- Oct 22, 2019
- 84
- 39
- 25
- Country
- Thailand
- Gender
- Female
- Faith
- Protestant
- Marital Status
- Single
I’m not sure are this a right forum list to ask? But I just feel like I familiar to this forum list. Also,I get OCD. Lately, this day I got a vows that I would read a bible, pray to god, listen to workship music, and post a bible verse on Instagram everyday. That this seems to be my thought without ocd in someway but I don’t sure. I mean today I just really want to study bible and seek god.

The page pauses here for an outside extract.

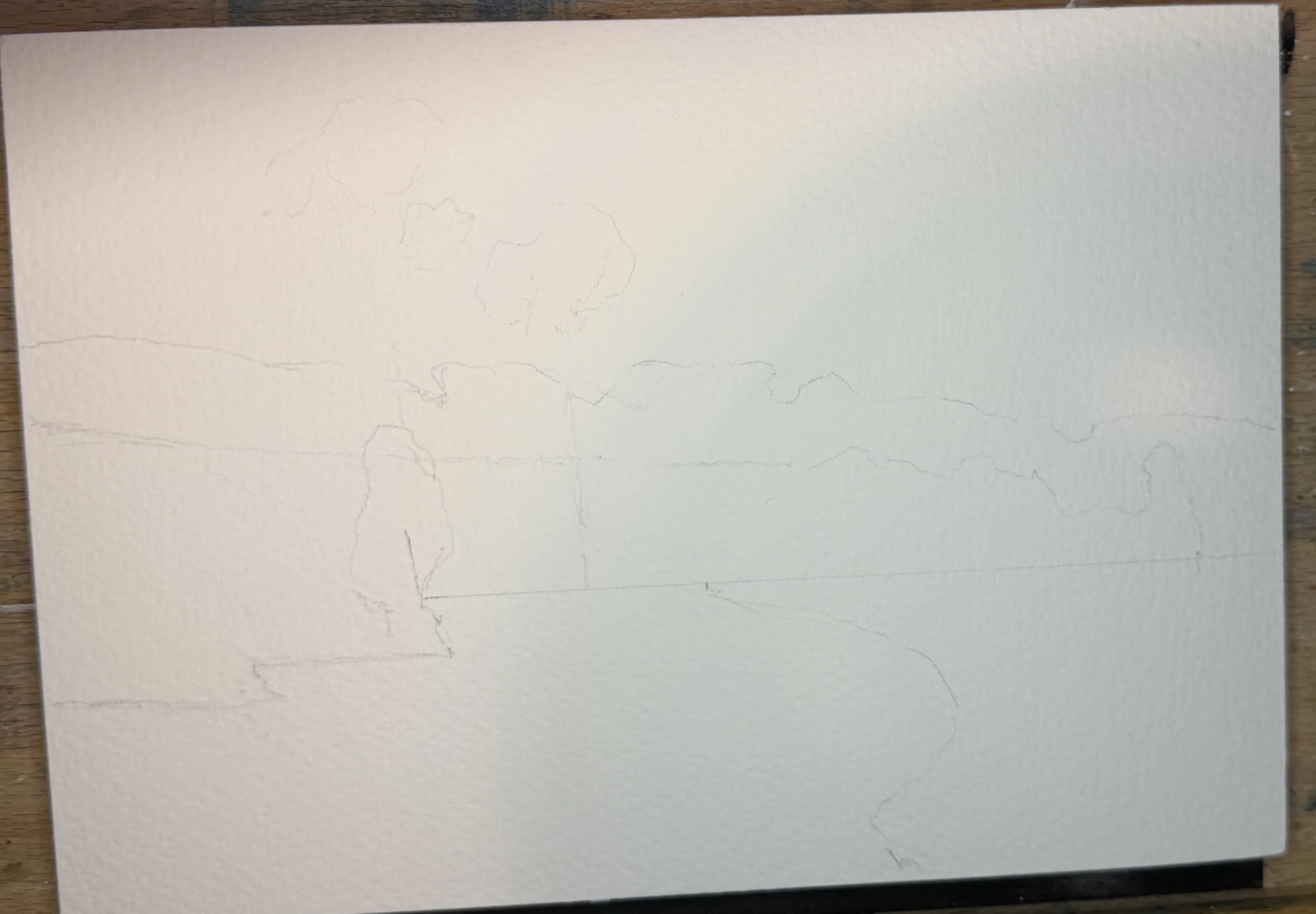Firstly, we get a little sketch going. Remember, I am not copying these painting but doing this exercise to learn from them. So if my, or your, sketch is not exact don’t stress about it. This is not what it is all about.

And I mean it look reasonable for me to have those vow. But right after I know that I have vow, I just so anxious. I mean I worried that someday I would broke the vows. It might be because I sick and not be able to post bible verse. Or I get the internet problem. I feel like I make vows like if I broke it, my last chance to get salvation is gone. (After I broke a lot of them). It seems like I make a vows like if I broke it , the Holy Spirit will go from me. I just so confused now. I mean I don’t know that if I broke it, does Holy Spirit will go out from me immediately or not? Does I have time to confess my sin and be forgiven? How long will this vow bound to me? This is weird question but Do this vow bound to me after my life too? Since the vow mention everyday.I just worried that If I broke it near my death? And I won’t have time to repent? Or I better break it tomorrow so I have more time to repent? So I can start to seriously seek god without some vow that bound me? And today,in some point I feel like I got a thought likes this is my last chance to get a salvation. I haven’t talk to god or hear his voice in thought.I means in the way that most Christian ask god and Holy Spirit everyday and find a answer. I may have hear his voice but cannot classify it. I just don’t know. I don’t know did this feeling that told me that’s my last chance come from Holy Spirit.I search and a lot of people say Holy Spirit voice is something that pop up in your thought too. But, Actually lately I just watch a video about one girl that said god said to her that it is her last chance, so I don’t know did I confused and get mixed up.